А я, перепуганный и пристыженный, хотел удрать: я не знал, что сказать, что делать, что предпринять.
Внезапно на лестнице раздался голос г-жи Шанталь:
- Скоро вы кончите курить? Распахнув дверь, я крикнул:
- Да, да, сударыня, сейчас спустимся!
Потом я бросился к ее мужу и схватил его за локти.
- Господин Шанталь, друг мой Шанталь, послушайте меня: вас зовет жена, успокойтесь, успокойтесь как можно скорее; нам пора идти вниз; успокойтесь!
- Да, да.., я иду... Бедная девушка!.. Я иду... Скажите Шарлотте, что я сейчас приду, - пробормотал он.
И он принялся тщательно вытирать лицо тряпкой, которой года три стирали записи на грифельной доске. Когда же наконец он отложил тряпку, лицо его было наполовину белым, наполовину красным; лоб, нос, щеки и подбородок были вымазаны мелом, а набрякшие глаза все еще полны слез.

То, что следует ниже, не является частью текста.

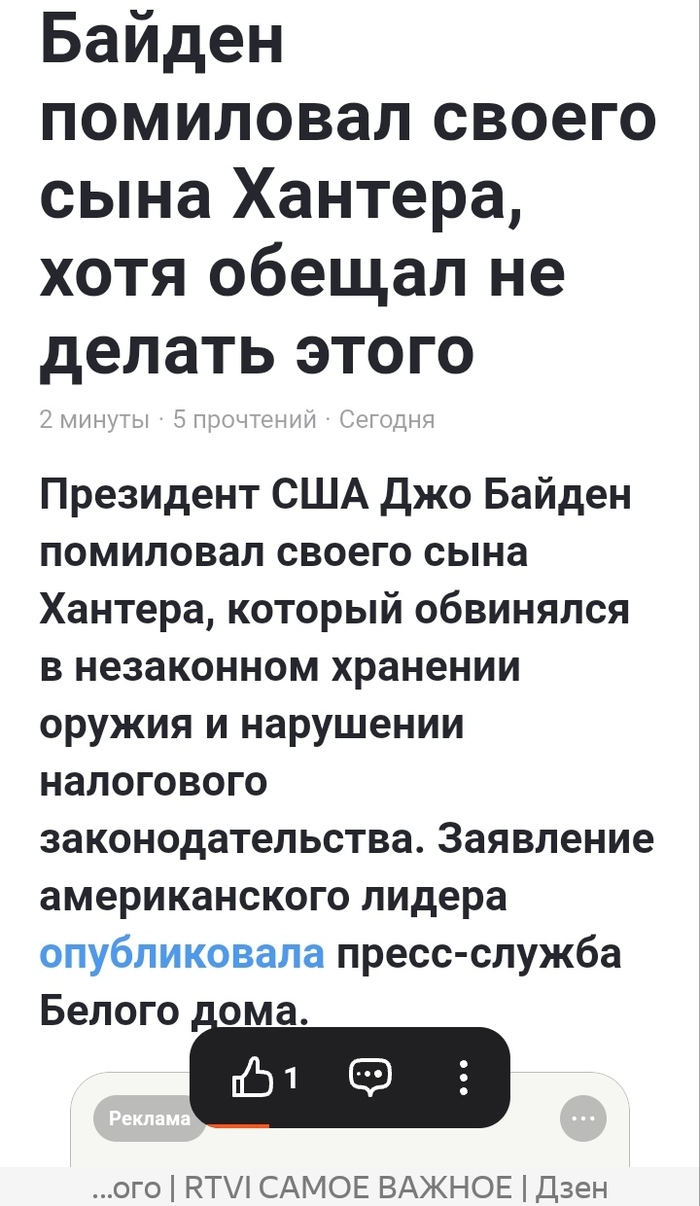 Сына президента обвиняли по двум уголовным делам, по первому его признали виновным присяжные, по второму он сам признал вину. Байден-старший назвал преследование политически мотивированным и посчитал, что американцы поймут его шаг

Я взял Шанталя за руку и увлек в его комнату.
- Простите меня, пожалуйста, простите меня, господин Шанталь, за то, что я сделал вам больно... Но я же не знал.. Вы. , вы понимаете... - шептал я на ходу.
Он пожал мне руку.
- Да, да... Бывают трудные минуты...
Тут он окунул лицо в таз, но и после умывания вид у него, как мне казалось, был не весьма презентабельным, и тогда я решил пуститься на невинную хитрость. Видя, что он с беспокойством рассматривает себя в зеркале, я сказал.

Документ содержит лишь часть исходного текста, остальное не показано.